Light was oblique and full of strange shadows here in the Northwest, shades of gray and green that played with rock and water differently every day. Here in the inner reaches of the Puget Sound, sheltered from the full brunt of the North Pacific, it was easy to fall into the illusion of security, but the distant clouds always boiling over Mount Rainier served as a reminder that this was not quaint, pedestrian New England. He walked barefoot on the smooth, algae covered pebbles of the beach, and deftly slid the old motorboat into the water, as the tide sighed and started back in to land. The crab traps he has set out last week should yield a nice dinner, he hoped, and he idled the motor as the boat slid past a gaudy neon green buoy. The viens on his sinewy arms bulged as he hauled in the 20-some odd meters of line attached to the trap, and in a cloud of mud and seaweed, he pulled the heavy wire trap over the deck. A half dozen ugly, reddish-white Dungeness crabs writhed and angrily snapped their claws in the trap, and he dumped them into an old 5-gallon pail, smiling and singing the last few lines of some song whose where and why escaped him. The rest of the traps didn't yield much, but he loved the purposeful simplicity of the exercise, re-baiting the traps with smelly old fish heads, watching the birds hover and otters swim nearby, curious and watchful.
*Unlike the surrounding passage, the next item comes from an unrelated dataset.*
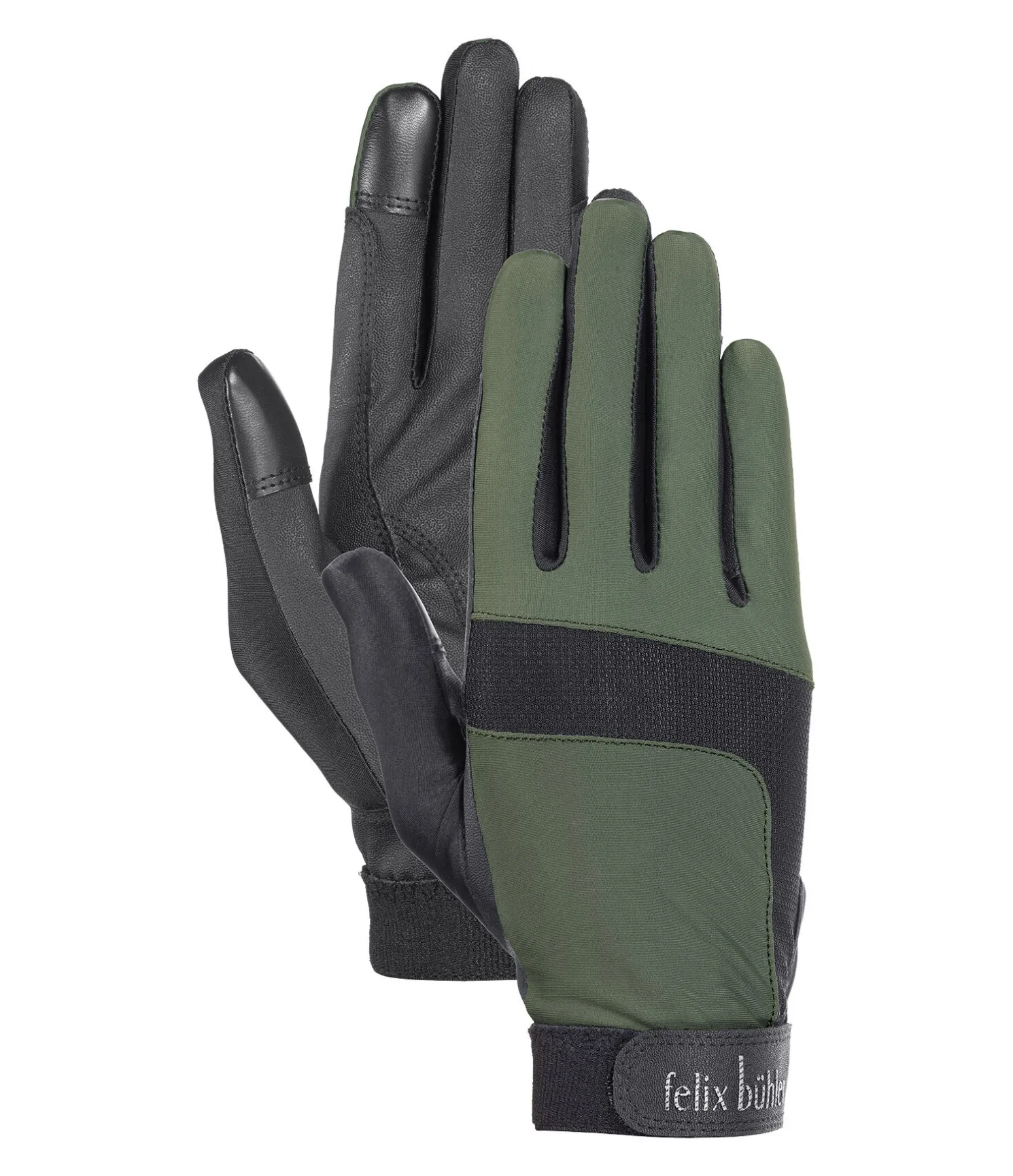 Gants d’équitation d’été extensibles. Extra légers. Insert en Mesh sur le dessus de main. Fermeture par patte auto-agrippante avec logo Felix Bühler. Matière antidérapante en cuir synthétique sur la paume pour un bon maintien des rênes en main. Gants compatibles avec les écrans tactiles. Dessus de main : 100 % nylon, paume : 60 % polyester, 40 % polyuréthane.

He revved the little 40 Hp Honda outboard, and the boat planed up with a low whoooosh, the wind whipping his tangled blonde hair back, and the cold nip of the morning air breathing fresh life into his lungs.

People were kind of like those crabs in the bucket, he thought; willing to crawl into a trap for a bit of food and shared space, unwilling to look beyond their immediate confines for a greater reality. One on one interaction was so predictable and polite, he wanted a human network that worked on spontaneous gestures with strangers, misunderstood signals sent across a harbor, a bar, maybe even a bedroom.

It was better to be seen out of context, with complete objective reason and blind faith, that to be studied and deduced with cold logic, he thought in absent-minded passing. The pebbled of the beach squeaked under his weight, walking to the cabin. 'Where we're going, we don't need roads', he mused, and thought of the steel and concrete edges of the American Dream closing in on the island until all the power brokers and schemers and clones crumpled like tinfoil, and a handful of fellow crazies held out here in the inner reaches of the Pacific.